When it comes to consumer reviews, telco companies usually get a pretty bad rap. Consumer conducts an annual survey of the ‘major’ telco players in New Zealand, and each year the telco giants make the headlines for poor customer service and support.
Voyager Internet CEO, Seeby Woodhouse, is reminding Kiwi consumers that there’s a lot more choice available than what’s represented in the Consumer survey.
Seeby said: “New Zealanders are fortunate that they aren’t forced to just choose between two or three big providers. There are smaller providers in the market, like us, who offer a more personalised, boutique customer service experience.”
With 15,000 residential and business broadband customers, Voyager Internet is one of the more ‘boutique’ internet providers who isn’t included in Consumer’s survey, and according to Seeby, not been grouped with the bigger players is a positive rather than a negative.
Seeby said, “We see the larger telco’s get pulled up for long wait times, slow speeds, and poor customer service, despite them spending millions of dollars telling people they are the fastest, the cheapest, and the best at customer service. If that’s what it means to be a big telco, we’d rather stay as we are! We don’t spend millions on advertising; we choose to put our profits back into the company in terms of staff training and investing in new and innovative technologies, and our personalised and technical customer service, we believe, is what sets us apart.”
“In terms of measuring customer service, we hold ourselves accountable with open reviews on our social media and Google pages and more recently with an NPS survey as part of our onboarding process for new customers.”
NPS stands for Net Promoter Score, it’s a globally used method of measuring how likely a customer is to recommend an organisation, based on a scale of -100 to +100. According to research agency Perceptive, the average NPS score for an Internet Service Provider in New Zealand is -1. Voyager is currently recording a score of +58.
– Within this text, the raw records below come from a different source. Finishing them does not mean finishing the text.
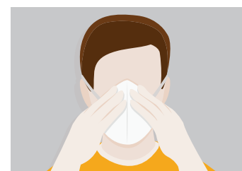
3. Amolda la mascarilla alrededor de tu nariz.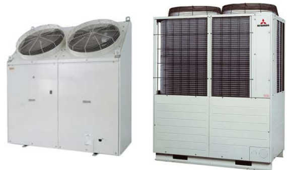
Außengeräte FDCP / FDCA

2 x FDCP 224 HKX 1 x FDCP 280 HKX 1 x FDCA 335 HKX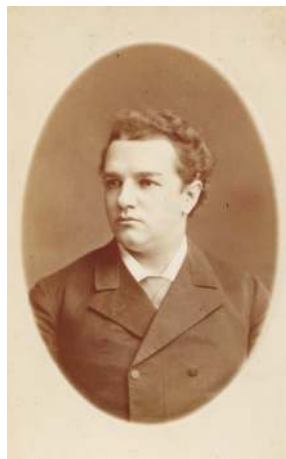
Артист М.И. Писарев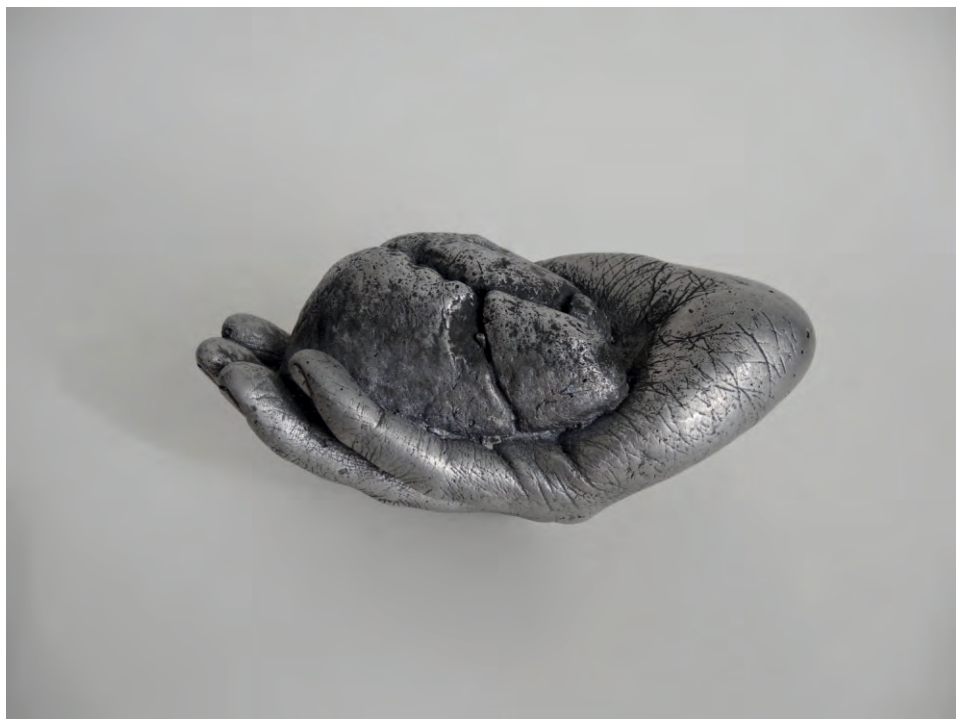
Rocam , 2016 Fosa d'alumini 15 x 7 x 8 cm, 766 g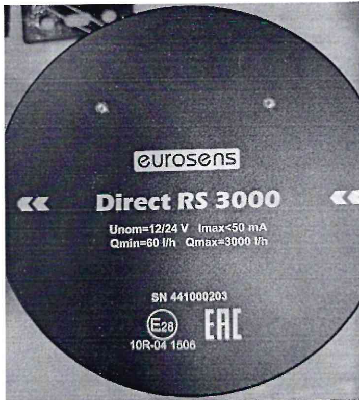
Рисунок 1.5 – Внешний вид счетчиков дизельного топлива EUROSENS Direct Y 3000 V (изображение носит иллюстративный характер)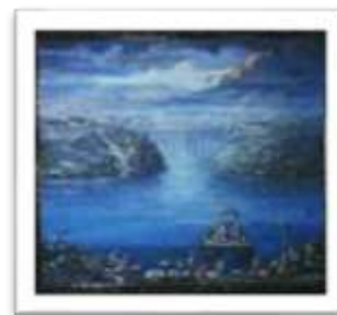
OBR-011807 AUTOR: VICTOR CHEVALIER RD$19,000.00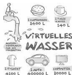
Grafik: Realschule Remseck

Und wir als Schule haben uns beteiligt und am 26. September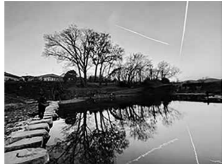
「栃本親水のリフレクション」 @xinjingayumi6

Seeby said, “We implemented NPS scoring to benchmark ourselves and identify areas for improvement, and although we already had confidence in our product and customer service, even we were a little surprised at such a high score. We’re viewed as a small provider in New Zealand, yet our NPS score puts us in the same league as some of the world’s leading companies.”
According to QuestionPro, an NPS score over 50 is considered ‘excellent’, a rare descriptor for telecom companies. Other organisations who share Voyager’s 50 – 80 space include Amazon, BMW, and Apple, as reported by Index NPS.